* [Exercise] Below this line is the material. Write out only its lines from the one containing "Trozos de pollo" through the one containing "ITEM: New Years", both kept, exactly.

* [Records supplied]
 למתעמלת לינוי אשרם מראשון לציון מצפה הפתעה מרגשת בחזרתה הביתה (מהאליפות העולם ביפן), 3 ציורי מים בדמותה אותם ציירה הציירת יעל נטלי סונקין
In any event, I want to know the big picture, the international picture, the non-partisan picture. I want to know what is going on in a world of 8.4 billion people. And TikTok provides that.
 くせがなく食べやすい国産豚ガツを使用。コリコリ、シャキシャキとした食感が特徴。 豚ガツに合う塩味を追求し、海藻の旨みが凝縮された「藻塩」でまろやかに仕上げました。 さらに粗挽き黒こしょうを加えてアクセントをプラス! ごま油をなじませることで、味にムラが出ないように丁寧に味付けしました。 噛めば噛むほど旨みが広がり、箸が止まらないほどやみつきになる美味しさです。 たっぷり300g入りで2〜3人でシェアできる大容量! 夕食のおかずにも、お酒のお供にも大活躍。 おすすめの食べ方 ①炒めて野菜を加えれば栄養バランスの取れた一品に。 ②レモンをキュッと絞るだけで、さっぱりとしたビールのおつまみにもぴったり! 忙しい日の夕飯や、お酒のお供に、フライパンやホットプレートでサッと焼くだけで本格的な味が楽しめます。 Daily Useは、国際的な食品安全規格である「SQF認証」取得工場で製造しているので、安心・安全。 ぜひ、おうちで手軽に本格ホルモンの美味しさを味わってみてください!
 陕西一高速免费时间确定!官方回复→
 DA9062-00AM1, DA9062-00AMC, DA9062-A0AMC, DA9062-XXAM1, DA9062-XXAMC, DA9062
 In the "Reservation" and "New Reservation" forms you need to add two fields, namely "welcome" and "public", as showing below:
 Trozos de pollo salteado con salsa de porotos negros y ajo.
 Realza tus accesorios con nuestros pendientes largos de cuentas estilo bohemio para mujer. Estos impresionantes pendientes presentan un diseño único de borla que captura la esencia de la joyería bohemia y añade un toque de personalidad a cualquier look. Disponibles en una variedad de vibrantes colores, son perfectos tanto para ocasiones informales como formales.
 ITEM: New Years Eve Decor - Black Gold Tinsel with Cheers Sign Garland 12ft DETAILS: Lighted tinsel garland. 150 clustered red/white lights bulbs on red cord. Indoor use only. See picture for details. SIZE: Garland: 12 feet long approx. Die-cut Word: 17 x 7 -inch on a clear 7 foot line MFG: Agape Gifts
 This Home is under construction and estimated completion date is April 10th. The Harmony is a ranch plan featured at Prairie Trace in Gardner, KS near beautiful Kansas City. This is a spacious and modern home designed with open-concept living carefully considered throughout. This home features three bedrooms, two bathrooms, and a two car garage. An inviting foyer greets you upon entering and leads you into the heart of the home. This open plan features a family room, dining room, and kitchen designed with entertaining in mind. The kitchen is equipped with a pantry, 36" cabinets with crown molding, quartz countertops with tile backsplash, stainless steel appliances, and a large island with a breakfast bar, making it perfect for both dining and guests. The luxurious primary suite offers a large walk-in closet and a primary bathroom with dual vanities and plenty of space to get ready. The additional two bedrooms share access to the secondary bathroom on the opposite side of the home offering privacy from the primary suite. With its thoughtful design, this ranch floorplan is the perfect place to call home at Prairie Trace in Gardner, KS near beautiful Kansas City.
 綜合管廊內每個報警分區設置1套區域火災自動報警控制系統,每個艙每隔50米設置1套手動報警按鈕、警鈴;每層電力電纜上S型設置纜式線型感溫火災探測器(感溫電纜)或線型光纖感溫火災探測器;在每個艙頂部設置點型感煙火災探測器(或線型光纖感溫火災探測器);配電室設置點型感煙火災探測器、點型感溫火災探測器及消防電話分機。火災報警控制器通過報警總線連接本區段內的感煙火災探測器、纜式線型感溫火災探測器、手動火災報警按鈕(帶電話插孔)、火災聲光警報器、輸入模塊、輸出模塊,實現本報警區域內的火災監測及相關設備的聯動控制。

* [Response to this exercise]
 Trozos de pollo salteado con salsa de porotos negros y ajo.
 Realza tus accesorios con nuestros pendientes largos de cuentas estilo bohemio para mujer. Estos impresionantes pendientes presentan un diseño único de borla que captura la esencia de la joyería bohemia y añade un toque de personalidad a cualquier look. Disponibles en una variedad de vibrantes colores, son perfectos tanto para ocasiones informales como formales.
 ITEM: New Years Eve Decor - Black Gold Tinsel with Cheers Sign Garland 12ft DETAILS: Lighted tinsel garland. 150 clustered red/white lights bulbs on red cord. Indoor use only. See picture for details. SIZE: Garland: 12 feet long approx. Die-cut Word: 17 x 7 -inch on a clear 7 foot line MFG: Agape Gifts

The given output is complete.